» DATA TO USE:
------

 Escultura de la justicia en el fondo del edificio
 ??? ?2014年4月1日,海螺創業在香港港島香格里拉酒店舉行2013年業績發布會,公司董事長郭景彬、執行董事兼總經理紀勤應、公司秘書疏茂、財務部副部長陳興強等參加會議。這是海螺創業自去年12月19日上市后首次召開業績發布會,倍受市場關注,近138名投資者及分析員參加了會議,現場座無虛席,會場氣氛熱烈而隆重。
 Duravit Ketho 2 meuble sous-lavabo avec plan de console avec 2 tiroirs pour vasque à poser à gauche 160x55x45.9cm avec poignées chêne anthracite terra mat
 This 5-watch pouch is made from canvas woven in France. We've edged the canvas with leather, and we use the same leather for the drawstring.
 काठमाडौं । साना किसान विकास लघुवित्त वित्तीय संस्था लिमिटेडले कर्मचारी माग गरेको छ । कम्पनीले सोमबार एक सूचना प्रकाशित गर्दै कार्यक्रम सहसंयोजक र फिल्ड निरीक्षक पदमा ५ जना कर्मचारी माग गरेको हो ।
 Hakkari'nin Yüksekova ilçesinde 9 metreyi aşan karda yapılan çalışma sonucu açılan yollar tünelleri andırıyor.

------

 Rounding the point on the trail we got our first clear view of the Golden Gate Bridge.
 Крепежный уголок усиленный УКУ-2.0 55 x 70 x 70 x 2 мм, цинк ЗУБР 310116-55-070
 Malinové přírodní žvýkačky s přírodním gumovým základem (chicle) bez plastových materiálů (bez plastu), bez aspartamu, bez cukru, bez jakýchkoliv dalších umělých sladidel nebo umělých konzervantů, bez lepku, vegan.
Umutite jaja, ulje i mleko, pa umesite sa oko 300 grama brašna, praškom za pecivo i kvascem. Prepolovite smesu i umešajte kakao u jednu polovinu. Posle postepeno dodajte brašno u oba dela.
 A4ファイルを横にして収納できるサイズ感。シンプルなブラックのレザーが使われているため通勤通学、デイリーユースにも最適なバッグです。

------

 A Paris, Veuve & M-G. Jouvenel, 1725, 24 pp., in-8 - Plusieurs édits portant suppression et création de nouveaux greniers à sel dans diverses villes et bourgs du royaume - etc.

------

» EXERCISE: Copy out, exactly and alone, the lines of the entries above between the ones holding "This 5-watch pouch" and "Hakkari'nin Yüksekova ilçesinde", inclusive.

» RESPONSE:
 This 5-watch pouch is made from canvas woven in France. We've edged the canvas with leather, and we use the same leather for the drawstring.
 काठमाडौं । साना किसान विकास लघुवित्त वित्तीय संस्था लिमिटेडले कर्मचारी माग गरेको छ । कम्पनीले सोमबार एक सूचना प्रकाशित गर्दै कार्यक्रम सहसंयोजक र फिल्ड निरीक्षक पदमा ५ जना कर्मचारी माग गरेको हो ।
 Hakkari'nin Yüksekova ilçesinde 9 metreyi aşan karda yapılan çalışma sonucu açılan yollar tünelleri andırıyor.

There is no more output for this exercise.